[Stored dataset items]
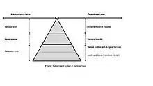 - On the organizational aspect, the health care system comprises from the top to bottom:
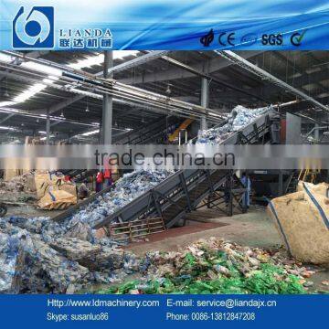 PET flakes recycling machine process: Chain conveyor-Debaler-Double screws loader- Prewasher- Double screws loader- Sorting platform- Crusher- Ccrew discharger- High speed horizontal dewater- hot washer boiler- High speed friction washer- PET cold water boiler(or here can use PET washing tank)- Screw loader -High speed horizontal dewater- Zigzag separator -Pacjing silo. PET bottle washing line capacity can be 500-5000kg/h.
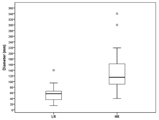 The smallest tumor diameter in the LR group was 15 mm and the largest was 150 mm (mean 56 ± 25 mm), while the range in the HR group was from 40 mm to 340 mm (mean 131 ± 58 mm), p < 0.001 (Figure 10).
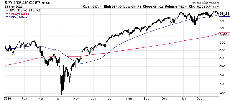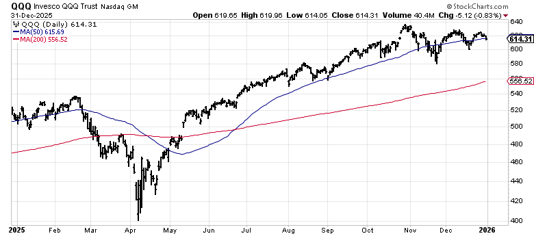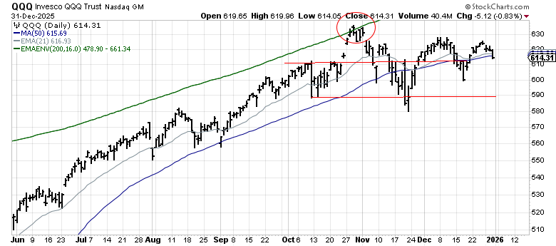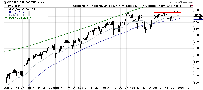 Analysis: After testing resistance in late November, the index pulled back below the 50-day Moving Average (Red Line). We are now seeing a “Higher Low” form—a classic bullish structure. As long as price stays above $672, and the 21EMA above the 50SMA, the trend is healthy.
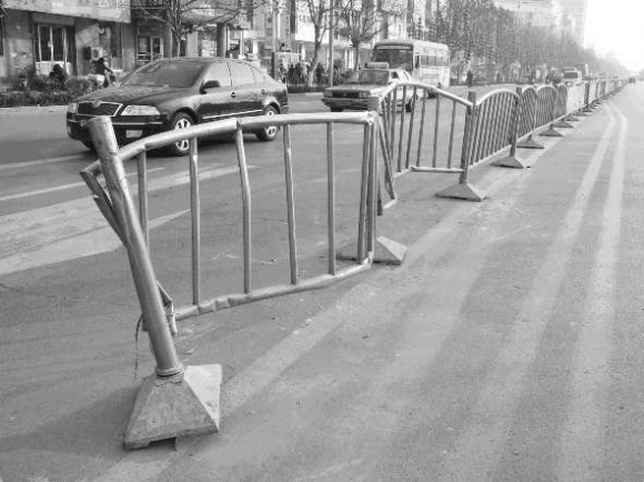本报聊城12月20日讯(见习记者 李璇)20日下午,柳园路兴华路路口附近,近50米机动车道中间缺少护栏,向南铺设的护栏北端有5米左右已经严重变形。附近市民说,护栏是被车撞变形的。
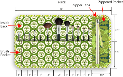 - This vertical seam secures the right edge of the brush pocket panel and creates the left interior edge of the zippered pocket.
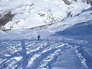 Salve a tutti. Tanto era bella la gita e forse tanto poco mi dedico al lavoro che ho deciso di replicarla il giorno appresso. Identiche ottime condizioni. Scendendo a destra si evitano anche le poche pietre del giorno prima. Ottima compagna di gita Elisabetta alla sua prima esperienza di skialp.
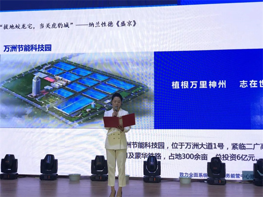 隨后,在大家熱烈的掌聲中,萬洲電氣行政部宣傳干事張紅云第一個走上舞臺,向大家展示獨具特色的萬洲企業文化。11首精妙絕倫的詩句,展示了萬洲電氣從無到有、從小到大的不凡歷程。“千磨萬擊還堅勁,任爾東西南北風”,張紅云聲情并茂的誦讀,或充滿艱辛,或慷慨激昂,或充滿力量,或信心昂揚,讓大家感受到萬洲電氣不畏艱難,不言放棄,篤定前行,創造奇跡的勇氣和力量!作為一名萬洲人,要愛讀書,多讀書,讀好書,共同建設更有文化底蘊的萬洲電氣,張紅云用激情和自信演繹了萬洲企業文化的無限魅力,贏得了現場觀眾的熱烈掌聲。
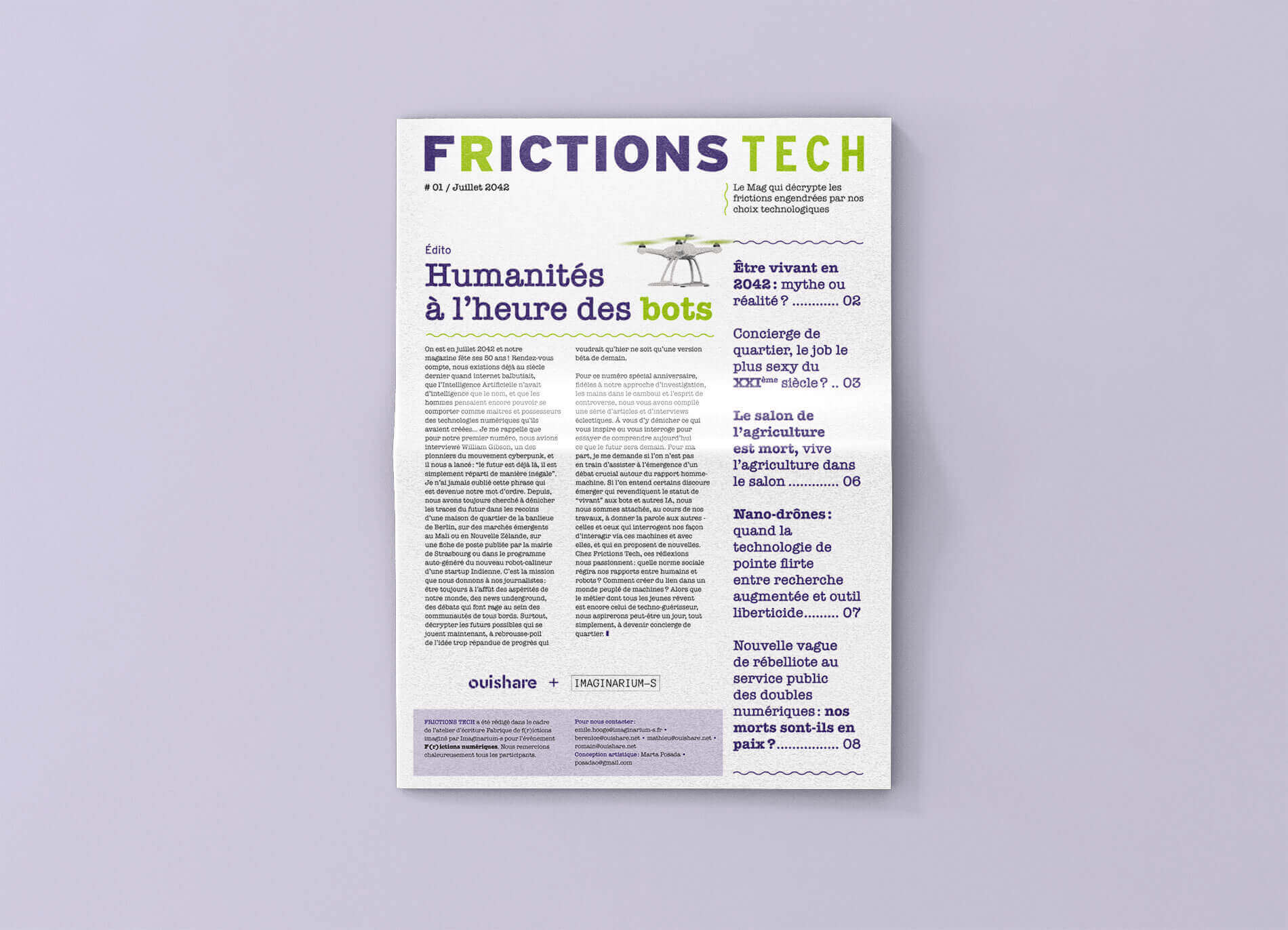 Dans le cadre de l’événement F(r)ictions numériques organisé par Ouishare, les participants ont rédigé l’édition de l’année 2042 de FrictionsTech « Le Mag qui décrypte les frictions engendrées par nos choix technologiques », dont j’ai réalisé la conception artistique et la mise en page. Cette édition inclut une affiche centrale.
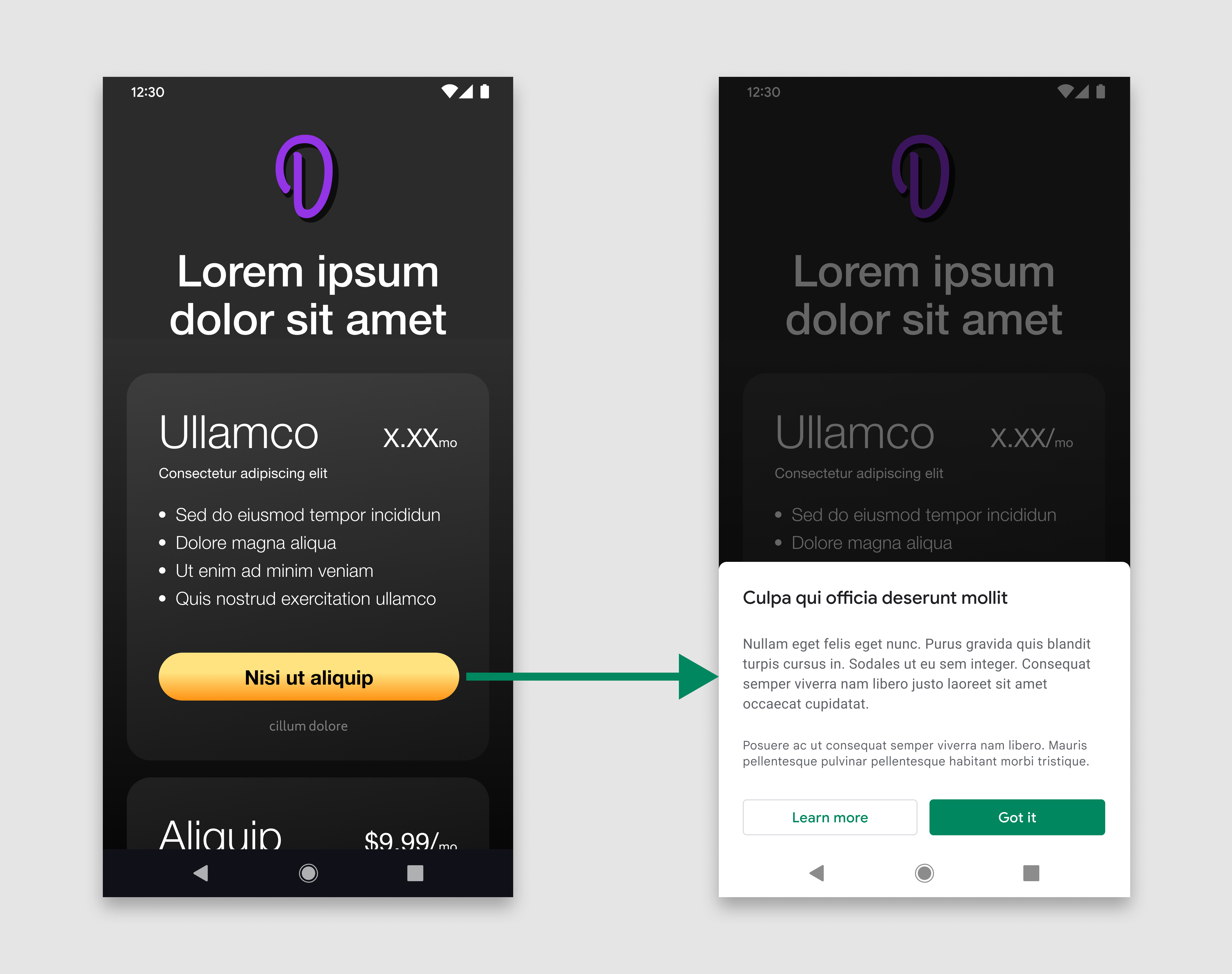 Die Ansicht am unteren Rand muss ausgelöst werden, wenn ein Nutzer auf eine Schaltfläche oder ein anderes UI-Element in deiner App tippt, um einen Kauf zu starten. Auf dem Informationsbildschirm können Nutzende zwei mögliche Aktionen ausführen:
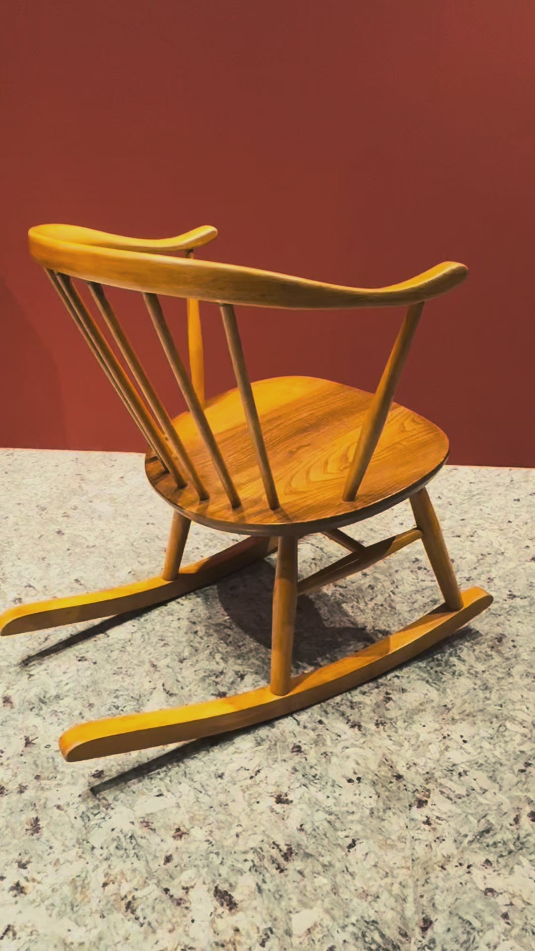 ERCOL 牛角搖椅(Cowhorn Rocking Chair),又被稱為「壁爐椅」(Fireplace Chair)。此款椅子以椅背兩側宛如牛角的弧形線條聞名,兼具雕塑感與舒適性。它不同於標準四腳牛角椅,而是特別設計成搖椅形式,座高刻意降低,讓人能自在地坐於壁爐旁,或在閱讀與休憩時享受放鬆氛圍。
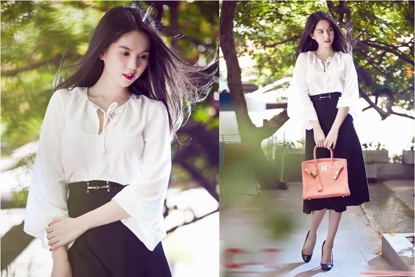| Thu Thủy với cách kết hợp váy loe và sơ mi trắng cổ điển. Bạn cũng có thể mix mẫu áo này với váy bút chì, maxi, midi đều rất ấn tượng. |
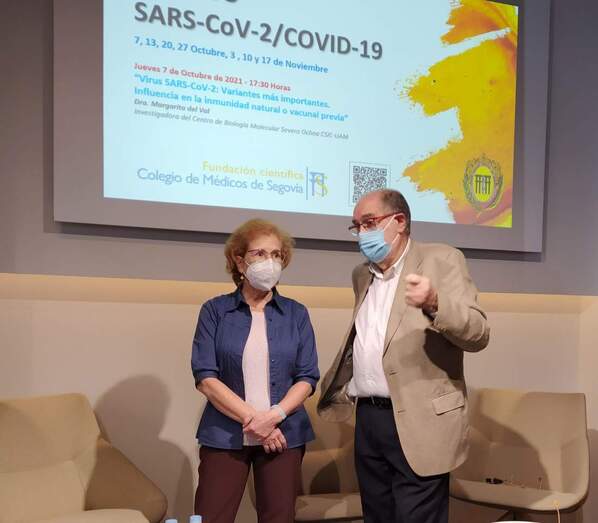 La investigadora del Centro de Biología Molecular Severo Ochoa CSIC-UAM, Margarita del Val, ofreció la conferencia inaugural del II curso del SARS CoV-2 que promueve la Fundación Científica del Colegio de Médicos dentro de su programa de Formación Continuada. “Virus SARS-CoV-2: Variantes más importantes. Influencia en la inmunidad natural o vacunal previa”, era el título de la ponencia de esta científica, una de las mayores expertas a nivel nacional de estos temas.
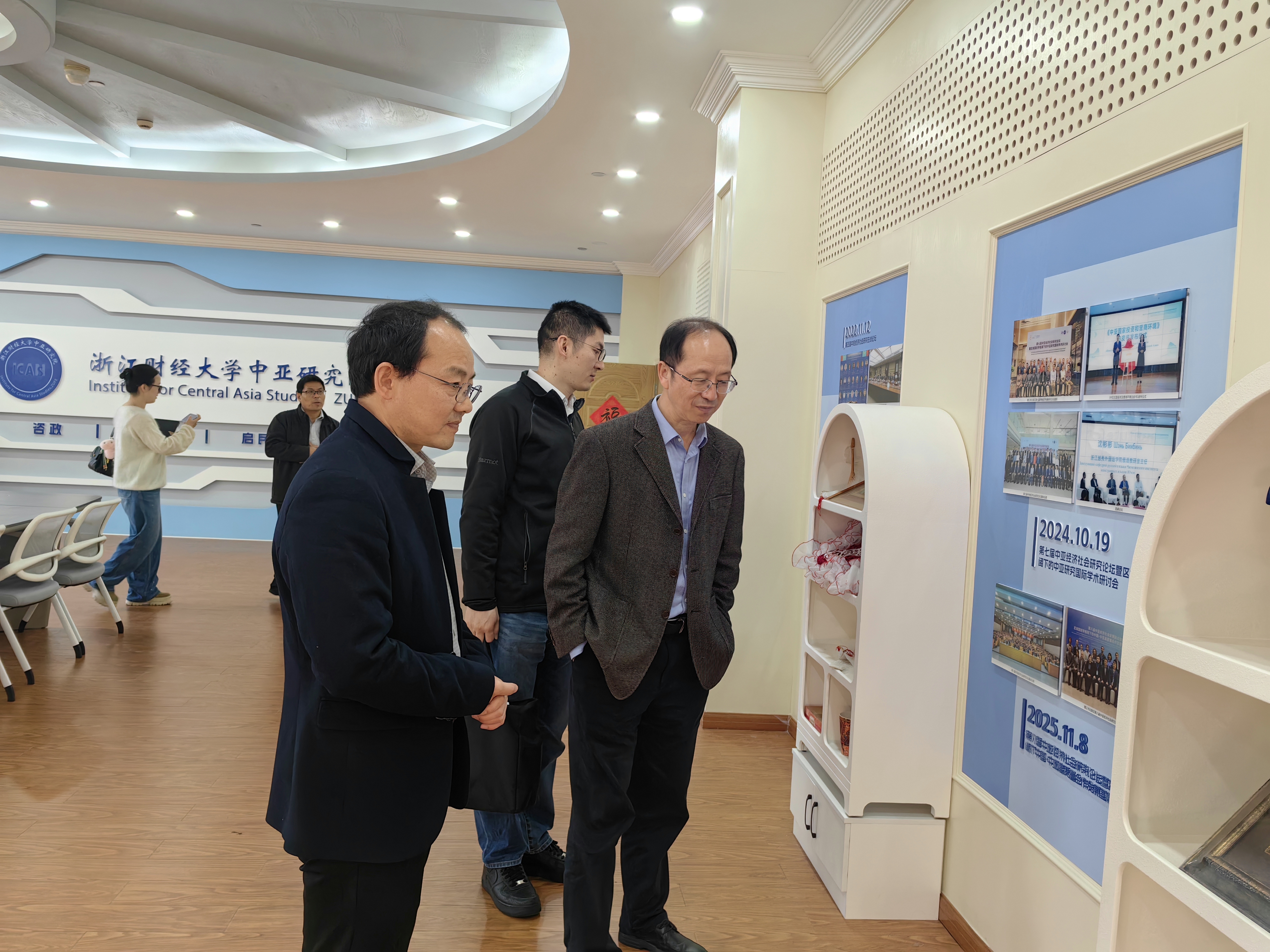 会后,杭实集团一行在院领导陪同下,实地参观了中亚研究院,深入了解我院在中亚经济研究方面的开展情况与阶段性成果。

Task goal
The reply should hold only the lines from the first line of the records above through the line containing "- This vertical", copied exactly and without pictures.

Response area
 - On the organizational aspect, the health care system comprises from the top to bottom:
 PET flakes recycling machine process: Chain conveyor-Debaler-Double screws loader- Prewasher- Double screws loader- Sorting platform- Crusher- Ccrew discharger- High speed horizontal dewater- hot washer boiler- High speed friction washer- PET cold water boiler(or here can use PET washing tank)- Screw loader -High speed horizontal dewater- Zigzag separator -Pacjing silo. PET bottle washing line capacity can be 500-5000kg/h.
 The smallest tumor diameter in the LR group was 15 mm and the largest was 150 mm (mean 56 ± 25 mm), while the range in the HR group was from 40 mm to 340 mm (mean 131 ± 58 mm), p < 0.001 (Figure 10).
 Analysis: After testing resistance in late November, the index pulled back below the 50-day Moving Average (Red Line). We are now seeing a “Higher Low” form—a classic bullish structure. As long as price stays above $672, and the 21EMA above the 50SMA, the trend is healthy.
本报聊城12月20日讯(见习记者 李璇)20日下午,柳园路兴华路路口附近,近50米机动车道中间缺少护栏,向南铺设的护栏北端有5米左右已经严重变形。附近市民说,护栏是被车撞变形的。
 - This vertical seam secures the right edge of the brush pocket panel and creates the left interior edge of the zippered pocket.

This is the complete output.